§ Work item: When you find the line with "Vintage Mexican Feathercraft" among the records below, reproduce it and each line after it exactly, ending with the line with "根据工程项目需求我公司新推出".

Top of Provided data

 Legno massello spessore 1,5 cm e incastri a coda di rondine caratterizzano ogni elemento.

Bottom of Provided data
Top of Provided data

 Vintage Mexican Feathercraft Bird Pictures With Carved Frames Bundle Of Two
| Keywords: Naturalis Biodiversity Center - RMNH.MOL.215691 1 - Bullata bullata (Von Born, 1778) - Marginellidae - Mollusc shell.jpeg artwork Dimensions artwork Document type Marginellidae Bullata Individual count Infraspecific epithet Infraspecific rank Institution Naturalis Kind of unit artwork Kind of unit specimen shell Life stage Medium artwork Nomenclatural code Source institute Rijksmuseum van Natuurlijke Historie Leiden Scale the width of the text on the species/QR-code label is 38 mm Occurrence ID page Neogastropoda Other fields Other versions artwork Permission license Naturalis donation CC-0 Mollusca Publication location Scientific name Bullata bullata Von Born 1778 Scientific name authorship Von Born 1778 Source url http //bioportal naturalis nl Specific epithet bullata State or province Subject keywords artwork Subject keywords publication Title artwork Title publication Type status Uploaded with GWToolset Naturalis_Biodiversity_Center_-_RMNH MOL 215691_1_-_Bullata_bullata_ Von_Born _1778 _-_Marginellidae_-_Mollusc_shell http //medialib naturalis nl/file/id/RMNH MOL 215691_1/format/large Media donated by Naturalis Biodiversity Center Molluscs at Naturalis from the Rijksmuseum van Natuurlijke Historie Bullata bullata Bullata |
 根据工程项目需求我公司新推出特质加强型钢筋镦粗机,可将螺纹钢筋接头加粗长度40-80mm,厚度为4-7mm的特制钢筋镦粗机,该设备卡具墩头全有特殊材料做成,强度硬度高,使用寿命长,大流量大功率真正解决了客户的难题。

Bottom of Provided data

§ Result:
 Vintage Mexican Feathercraft Bird Pictures With Carved Frames Bundle Of Two
| Keywords: Naturalis Biodiversity Center - RMNH.MOL.215691 1 - Bullata bullata (Von Born, 1778) - Marginellidae - Mollusc shell.jpeg artwork Dimensions artwork Document type Marginellidae Bullata Individual count Infraspecific epithet Infraspecific rank Institution Naturalis Kind of unit artwork Kind of unit specimen shell Life stage Medium artwork Nomenclatural code Source institute Rijksmuseum van Natuurlijke Historie Leiden Scale the width of the text on the species/QR-code label is 38 mm Occurrence ID page Neogastropoda Other fields Other versions artwork Permission license Naturalis donation CC-0 Mollusca Publication location Scientific name Bullata bullata Von Born 1778 Scientific name authorship Von Born 1778 Source url http //bioportal naturalis nl Specific epithet bullata State or province Subject keywords artwork Subject keywords publication Title artwork Title publication Type status Uploaded with GWToolset Naturalis_Biodiversity_Center_-_RMNH MOL 215691_1_-_Bullata_bullata_ Von_Born _1778 _-_Marginellidae_-_Mollusc_shell http //medialib naturalis nl/file/id/RMNH MOL 215691_1/format/large Media donated by Naturalis Biodiversity Center Molluscs at Naturalis from the Rijksmuseum van Natuurlijke Historie Bullata bullata Bullata |
 根据工程项目需求我公司新推出特质加强型钢筋镦粗机,可将螺纹钢筋接头加粗长度40-80mm,厚度为4-7mm的特制钢筋镦粗机,该设备卡具墩头全有特殊材料做成,强度硬度高,使用寿命长,大流量大功率真正解决了客户的难题。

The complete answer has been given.